_Source material_
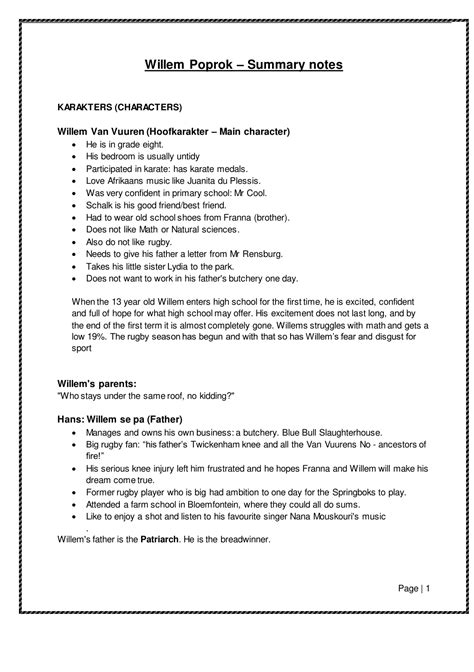 Read Online Afrikaans Willem Poprok Summary Notes Kindle Editon Gutenberg
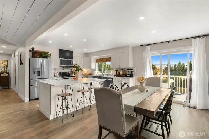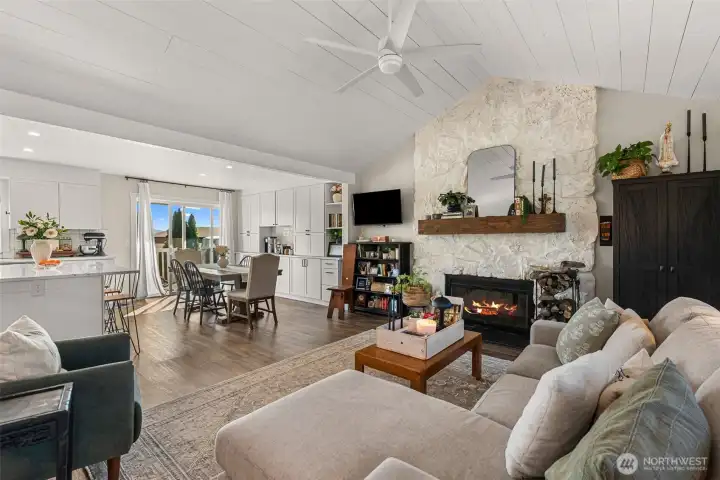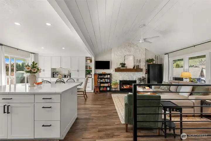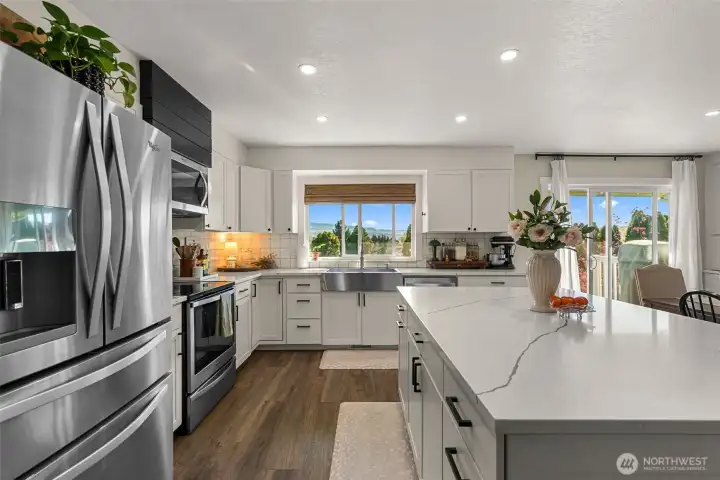 Completely remodeled from top to bottom, this stunning two-level home offers modern comfort and timeless style in an unbeatable location. Tucked at the end of a quiet cul-de-sac in the center of Wenatchee, you’ll enjoy both privacy and convenience. Step inside to beautifully updated living spaces featuring an open-concept kitchen, dining, and living area perfect for entertaining. The living room showcases a striking floor-to-ceiling rock fireplace, creating a warm and inviting focal point. The kitchen shines with crisp white cabinetry, solid surface countertops, and a spacious island. The main level includes three bedrooms, highlighted by a comfortable primary suite with an updated en-suite bathroom. Downstairs, you’ll find a generous bonus room with custom built-in cabinetry, plus a fourth room ideal as a bedroom, office, or flexible living space. Outside, enjoy a fully fenced yard, charming garden area, expansive shed/shop, gate to neighboring school and a lovely view deck, perfect for relaxing or entertaining. The garage is also extra deep making room for storage or even shop space. RV parking on the side of the home makes it easy to keep your recreational toys at home. This move-in-ready home truly has it all. Step inside and make it your own!
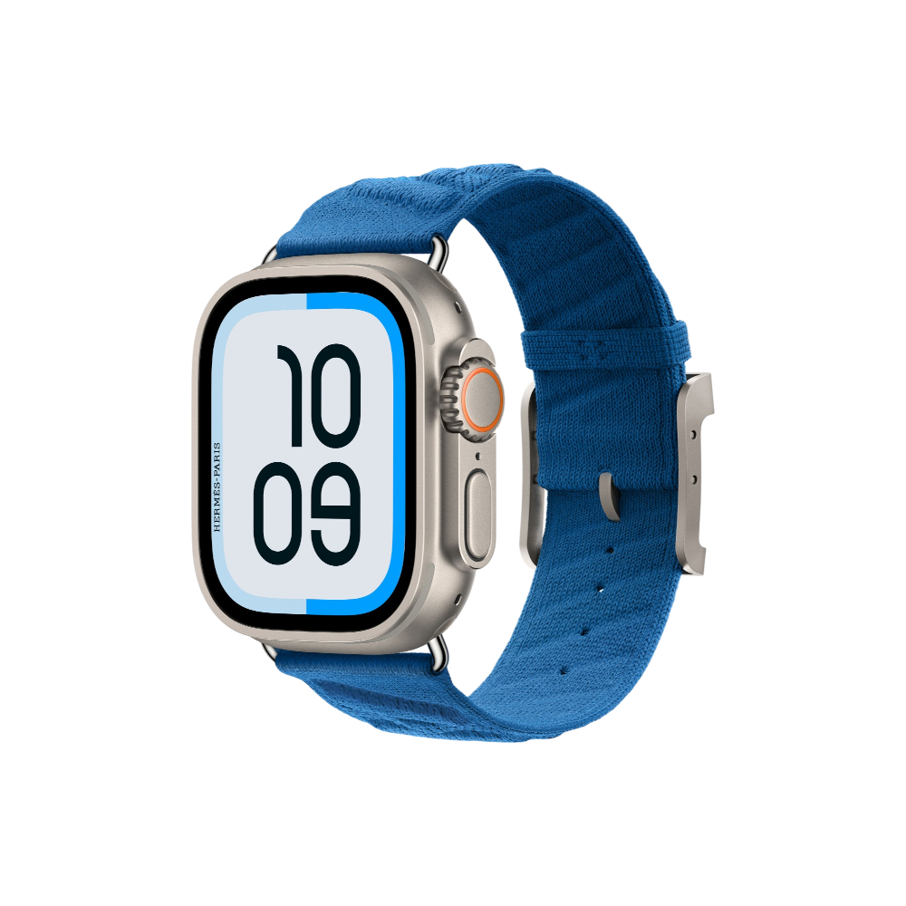 Apple Watch Hermès Ultra 2 GPS + Cellular, 49mm Natural Titanium Case with Bleu Hydra En Mer

_Try it_
Transcribe the listing exactly; omit all images.

_Output for this task_
 Read Online Afrikaans Willem Poprok Summary Notes Kindle Editon Gutenberg
 Completely remodeled from top to bottom, this stunning two-level home offers modern comfort and timeless style in an unbeatable location. Tucked at the end of a quiet cul-de-sac in the center of Wenatchee, you’ll enjoy both privacy and convenience. Step inside to beautifully updated living spaces featuring an open-concept kitchen, dining, and living area perfect for entertaining. The living room showcases a striking floor-to-ceiling rock fireplace, creating a warm and inviting focal point. The kitchen shines with crisp white cabinetry, solid surface countertops, and a spacious island. The main level includes three bedrooms, highlighted by a comfortable primary suite with an updated en-suite bathroom. Downstairs, you’ll find a generous bonus room with custom built-in cabinetry, plus a fourth room ideal as a bedroom, office, or flexible living space. Outside, enjoy a fully fenced yard, charming garden area, expansive shed/shop, gate to neighboring school and a lovely view deck, perfect for relaxing or entertaining. The garage is also extra deep making room for storage or even shop space. RV parking on the side of the home makes it easy to keep your recreational toys at home. This move-in-ready home truly has it all. Step inside and make it your own!
 Apple Watch Hermès Ultra 2 GPS + Cellular, 49mm Natural Titanium Case with Bleu Hydra En Mer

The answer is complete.